You would “Amen” statements about our need to watch out for the influence of homosexuality in our culture, all the while turning a blind eye to the fact that you are viewing pornography that depicts similar depravity, or you are harboring hate for someone you went to church with, you are living life in pride, you look down on the poor or someone from a different racial background, or the like.
The Super Bowl is tonight, and you may rightly be upset by commercials that celebrate what God rejects.
While all of those sins have different ramifications in this life, we need to be careful that we are watching out for what we consider normal.
We want to be like Abraham, sensitive to the things of God and responsive to what he is doing.

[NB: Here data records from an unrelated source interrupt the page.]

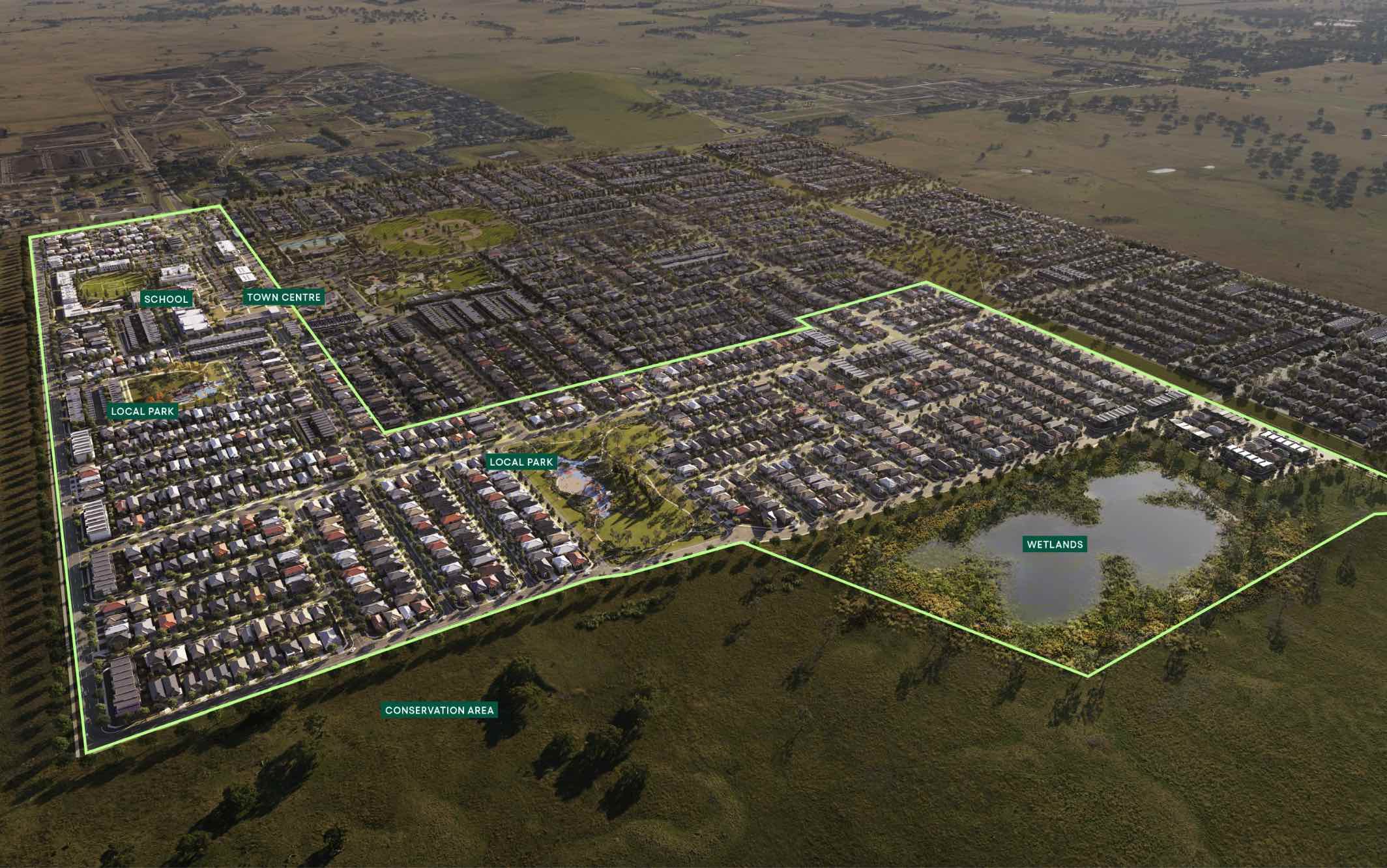 “Development will have a strong emphasis on the retention of natural features and high quality landscaping in an urban environment supported by strong connections to transport and community facilities. Development of the precinct will create a diverse mix of residential neighbourhoods linked by a variety of local town centres, schools and other community facilities.
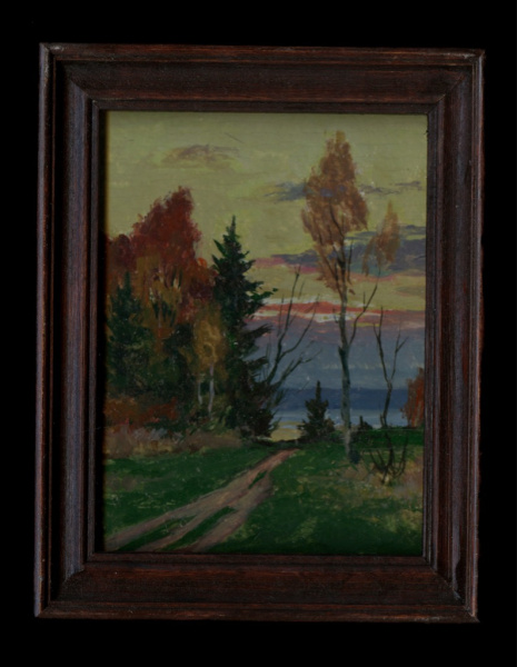 Картина «Осенний мотив». Автор Ю.А. Напардин, Санкт-Петербург. Размер 10,5×13,5 см 1994 (Россия)
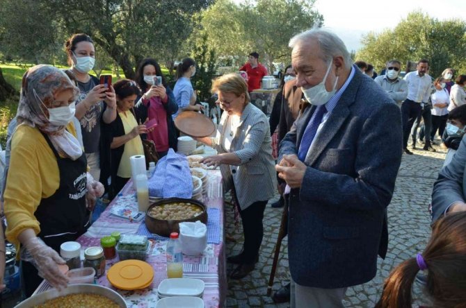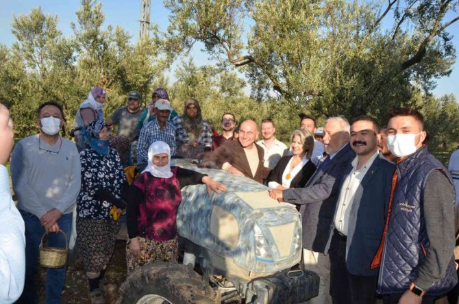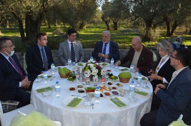 Ziyaret sonunda Prof. Dr. İlber Ortaylı'ya anıt zeytin ağacının zeytinyağı ve Kırkağaç kavunu hediye edildi.
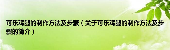 本文關于可樂雞腿的制作方法及步驟的簡介就講解完畢,希望對大家有所幫助。

We don’t want to be like Lot, where if people read the end of our stories, they think, “Really? He made it?”
Paul talks about this kind of person:
For no one can lay any foundation other than what has been laid down. That foundation is Jesus Christ.
If anyone builds on the foundation with gold, silver, costly stones, wood, hay, or straw,
each one’s work will become obvious. For the day will disclose it, because it will be revealed by fire; the fire will test the quality of each one’s work.
If anyone’s work that he has built survives, he will receive a reward.
If anyone’s work is burned up, he will experience loss, but he himself will be saved—but only as through fire.
This is talking about those who know Jesus; people who have trusted him as their Savior and Lord and are building their lives on him.
For those of us who are in that category, God is going to put a match to our works.
Anything we have done for him, we will receive back as a reward.
The rest will be destroyed.
Did you see the end of that verse? “He himself will be saved—but only as through fire”
That’s what we see with Lot. If we took 2 Peter out of the equation, we would never think he was saved.
Yet, he made it because of the compassion and grace of God.
Is that how you want to stand before God at the end of your life?
Jesus saved me, but I lived so much of my life in Sodom that I made compromises. I have that smell on me as my life still shows so little of Jesus in it.
In many ways, we are all like Lot, and really, like the people of Sodom as well.
We have rejected God’s commands and design for life, and we deserve to be destroyed because we have all sinned against a holy God.
If we are saved, it is only because God, in his grace and goodness, loved us enough to come to earth.
This time, it wasn’t to destroy a city. Instead, it was to rescue us through his own death and resurrection.
We are saved because when we were in our sin, God grabbed us and drew us to himself through Jesus.
However, now that he has saved us, let’s strive, through the grace of God with us, to be like Abraham and not like Lot.
Wake up!
What compromises are you making that are contrary to what God tells us to do?
What are you lingering on, and what are you looking back at?
What do you consider normal that the Bible says is wrong?
Turn from that today and turn to the merciful God who loves you so much that he would die for you.